Source data:

⁂

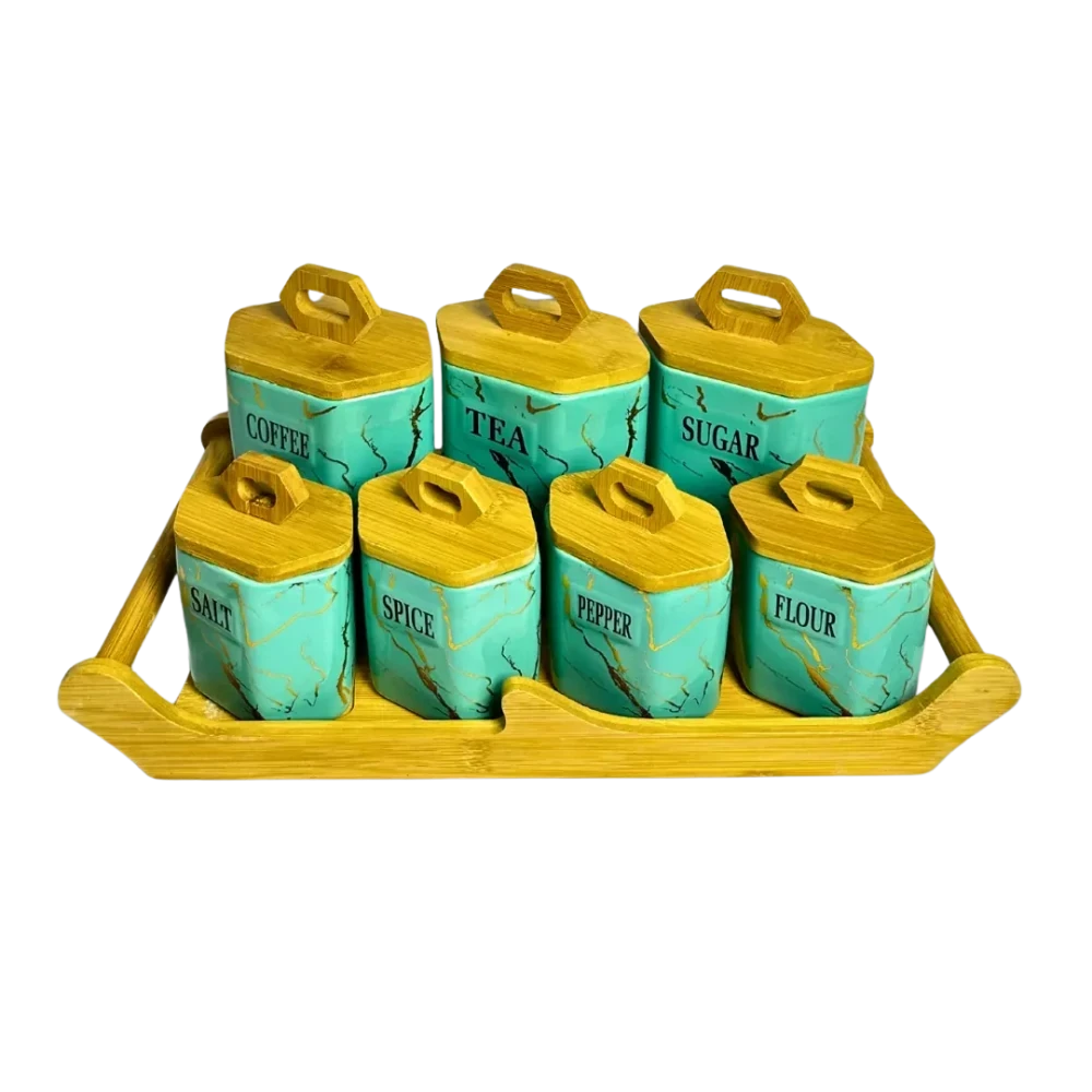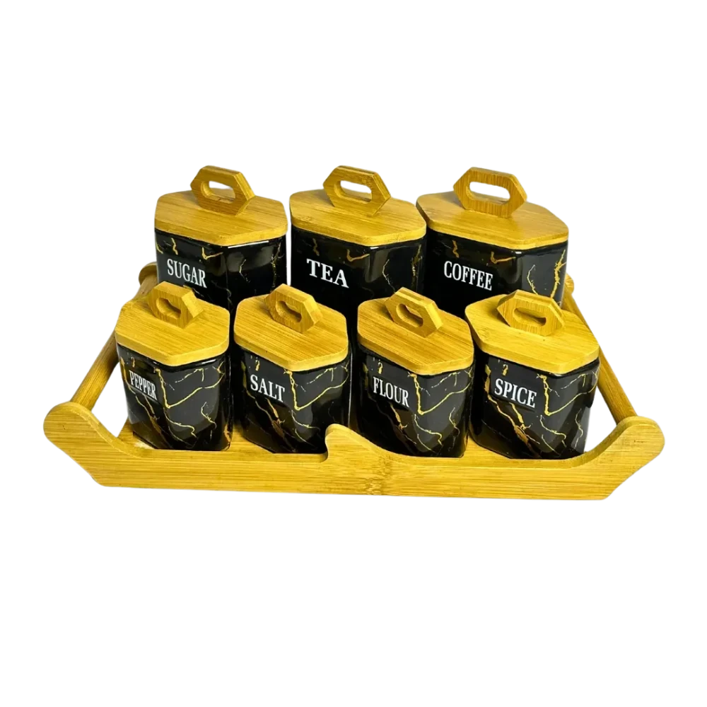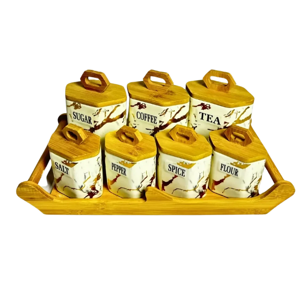 طقم توابل مكون من 7 قطع. يتضمن 3 قطع كبيرة و 3 قطع صغيرة مع غطاء خشبي أنيق، مثالي لتنظيم وتخزين التوابل في مطبخك. تأتي القطع الكبيرة لتخزين التوابل الأكثر استخدامًا، بينما توفر القطع الصغيرة مكانًا للتوابل ذات الكميات المحدودة. الأغطية الخشبية تضيف لمسة من الجمال الطبيعي، والطقم مزود بحامل عملي يسهل الوصول إلى التوابل وتنظيمها بشكل مرتب، مما يوفر لك سهولة الاستخدام والحفاظ على ترتيب المطبخ.
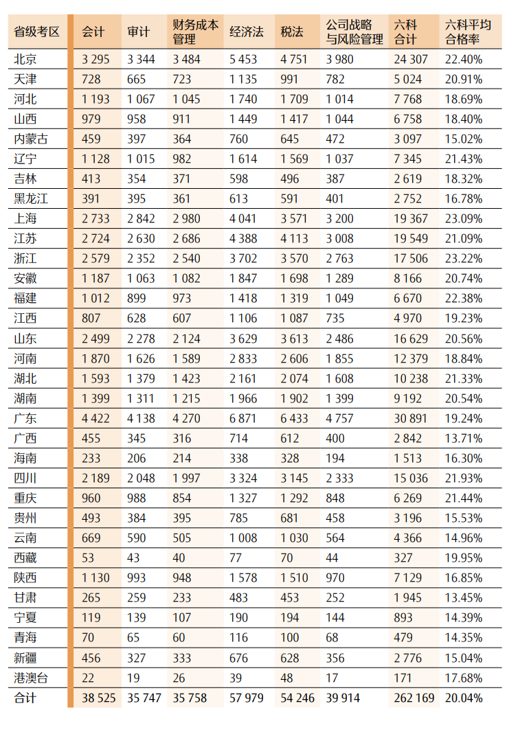 表 122023 年各地专业阶段考试 6个科目合格情况一览表
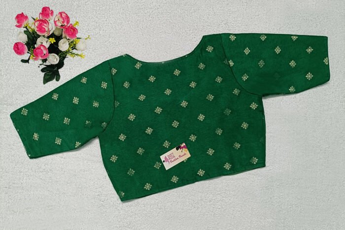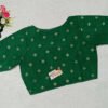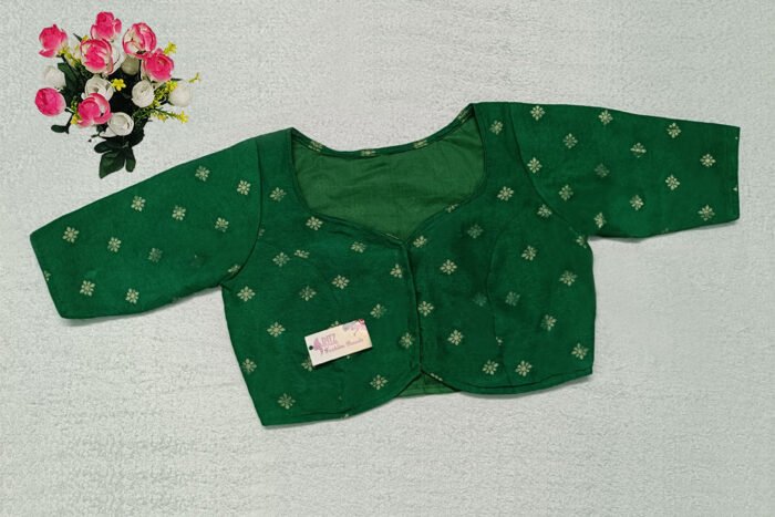 This is an Emerald Green Color Russian Silk Blouse. This Blouse is Sweetheart Neckline in Frontside & Boat-Neckline in Backside. This is a Princess Cut, Non-Padded, Glass Sleeve Blouse with Front Open. You can team it up with any contrast-colored Traditional/Printed Saree.

⁂

Requirement:
Across the whole listing, reproduce each line verbatim and exclude every picture.

Finished task:
 طقم توابل مكون من 7 قطع. يتضمن 3 قطع كبيرة و 3 قطع صغيرة مع غطاء خشبي أنيق، مثالي لتنظيم وتخزين التوابل في مطبخك. تأتي القطع الكبيرة لتخزين التوابل الأكثر استخدامًا، بينما توفر القطع الصغيرة مكانًا للتوابل ذات الكميات المحدودة. الأغطية الخشبية تضيف لمسة من الجمال الطبيعي، والطقم مزود بحامل عملي يسهل الوصول إلى التوابل وتنظيمها بشكل مرتب، مما يوفر لك سهولة الاستخدام والحفاظ على ترتيب المطبخ.
 表 122023 年各地专业阶段考试 6个科目合格情况一览表
 This is an Emerald Green Color Russian Silk Blouse. This Blouse is Sweetheart Neckline in Frontside & Boat-Neckline in Backside. This is a Princess Cut, Non-Padded, Glass Sleeve Blouse with Front Open. You can team it up with any contrast-colored Traditional/Printed Saree.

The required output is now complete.